New international research involving the University of Leicester published today sheds new light on how prehistoric reptiles took to the air. In the Mesozoic Era, 70 million years before birds first took wing, pterosaurs dominated the skies with sparrow to aeroplane-sized wingspans. Scientists already knew, on the basis of fossil evidence from the wings, that these extinct reptiles were able to power their flight through flapping, but had little understanding of how pterosaurs met the high energetic requirements for flight.
The new research published in the journal PLoS ONE by researchers from the University of Leicester (UK), Ohio University (USA) and College of the Holy Cross (USA) explains how balloon-like air sacs, which extended from the lungs throughout the body, hollowing out many of the bones in the pterosaur skeleton, provide evidence for a remarkably efficient breathing system in these ancient beasts. As an important bonus, the pneumatised skeletal system and air sacs reduced the density of pterosaurs, allowing the evolution of the largest vertebrates ever to take flight, some reaching 10 metres in wingspan.
'We have identified the breathing system of a pterosaur. It's a surprisingly efficient mechanism with the same essential structure of a modern bird's lung apparatus - except 70 million years earlier' said study co author Dave Unwin, a palaeobiologist in the Department of Museum Studies at the University of Leicester.
Leon Claessens, an assistant professor of biology at the College of the Holy Cross and Patrick O'Connor, an assistant professor of biomedical sciences in Ohio University's College of Osteopathic Medicine, were inspired to conduct the study after viewing an extraordinarily well preserved rib cage of a pterosaur in Berlin in 2003. The fossil was shown to them by Dave Unwin of the Department of Museum Studies, University of Leicester, who was then curator at the Museum fuer Naturkunde in Berlin. Examining this specimen the three palaeobiologists realised that it could finally solve the mystery of how pterosaurs were able to power sustained flapping flight.
'The shape and size of the rib segments that articulate with the sternum (sternal ribs) show that, contrary to what was previously thought, the rib cage was mobile' said Claessens. Moreover, unique and previously unrecognised projections on the sternal ribs provided important leverage for the muscles that moved the ribcage.
Fossils rarely preserve soft tissue and to get a better understanding of the relationship between air sacs, lung structure and the skeleton the research team compared pterosaur specimens with modern bird skeletons by using CT scans and X-rays to take a deeper look at the bones. Many pterosaur bones had cavities that were invaded by air sacs. 'Amazingly, the air sacs extend all the way to the tips of the wings which opens up a wide range of possibilities for the use of air sacs during flight and for social behaviours' the team explained.
Further comparison to living creatures such as pelicans shows strong similarities in the relationship between size and density of the bones. 'We found a direct relationship between the proportion of the skeleton invaded by air sacs and the absolute body size of an animal' the team said. Smaller birds, such as songbirds, have few pneumatised bones because they weigh less and expend less energy in flight. Conversely, most bones in larger birds, as well as pterosaurs, are pneumatised which significantly reduces bone density and resolves a major problem with sustaining flight: the energetic cost of keeping a heavy body up in the air.

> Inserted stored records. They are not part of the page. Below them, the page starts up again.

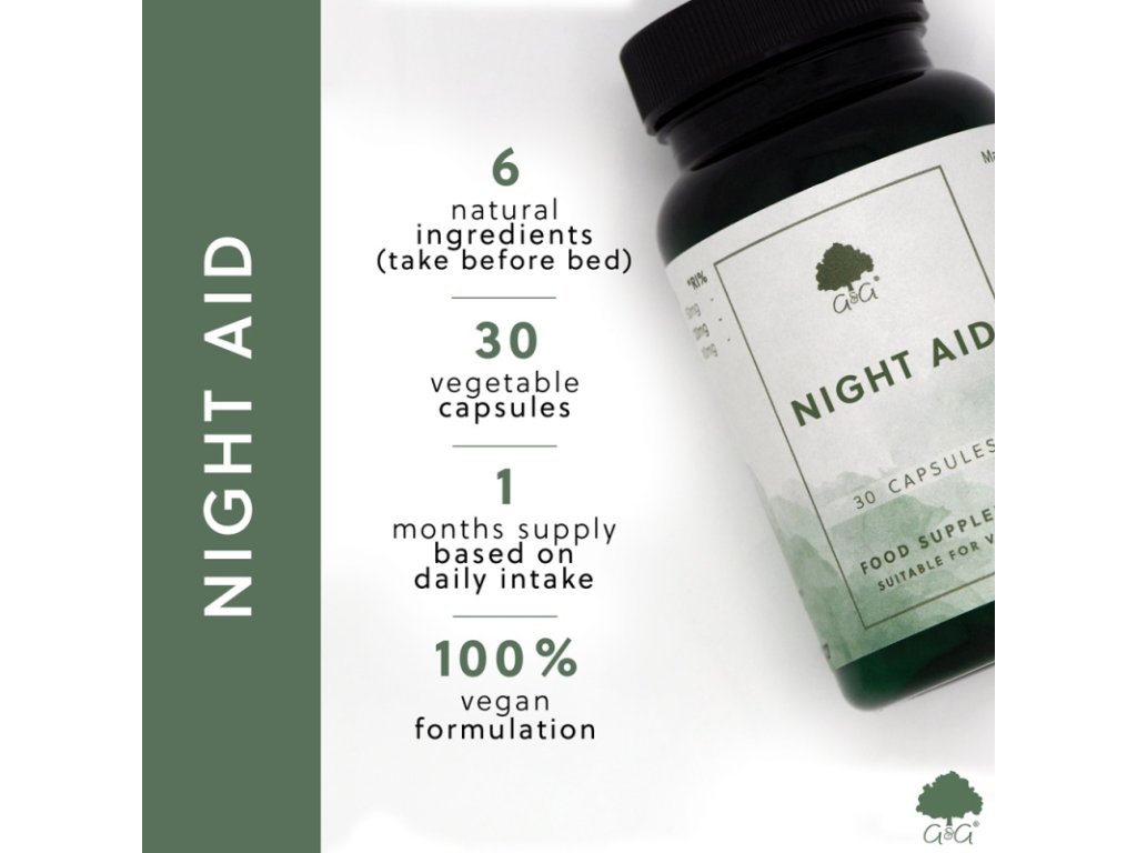 Night Aid je jedinstvena mješavina 5-HTP-a, magnezija, vitamina B6 i G&G noćne mješavine - mješavina 6 prirodnih sastojaka koja se može uzimati prije spavanja.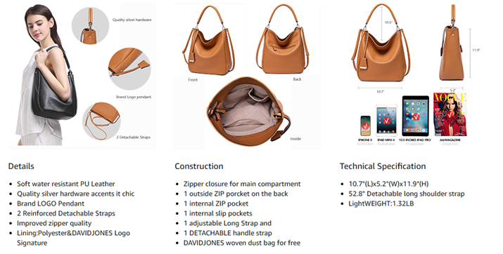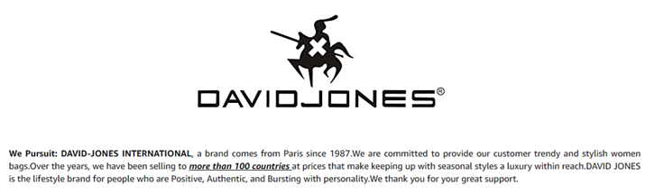 DAVIDJONES:a brand comes from Paris since 1987.Selling Handbags for Women and Girls in More than 100 countries.Great stylish and Convertible Womens Purses.Excellent craftsmanship and refined premium quality leather like PU bags.Decent high end women handbags with affordable price.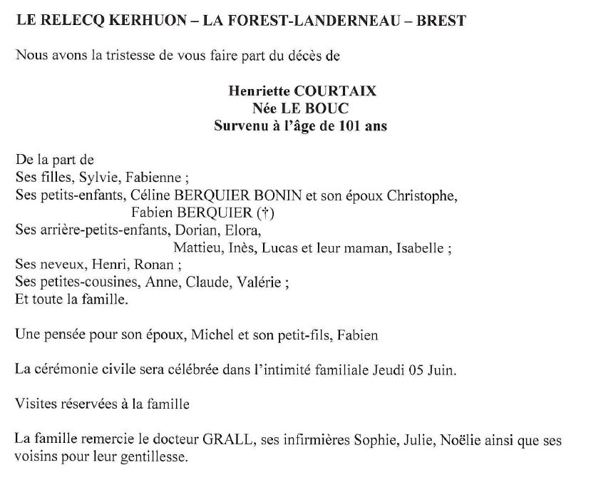 Cet espace « condoléances » est dédié à la mémoire de Madame Henriette COURTAIX née LE BOUC.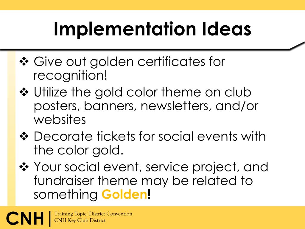 Implementation Ideas • Give out golden certificates for recognition! • Utilize the gold color theme on club posters, banners, newsletters, and/or websites • Decorate tickets for social events with the color gold. • Your social event, service project, and fundraiser theme may be related to something Golden!

'Active flapping flight is extremely expensive in terms of energy expenditure' O'Connor explained. To keep up with the enormous need for energy, the team posit that the pterosaurs' pulmonary systems took up much of their bodies. Such a pulmonary air sac system would have facilitated the necessary gas exchange to enable sustained activity.
The research was funded by the University of Leicester, the Museum fuer Naturkunde, Berlin, the National Science Foundation (USA), Harvard University and Ohio University College.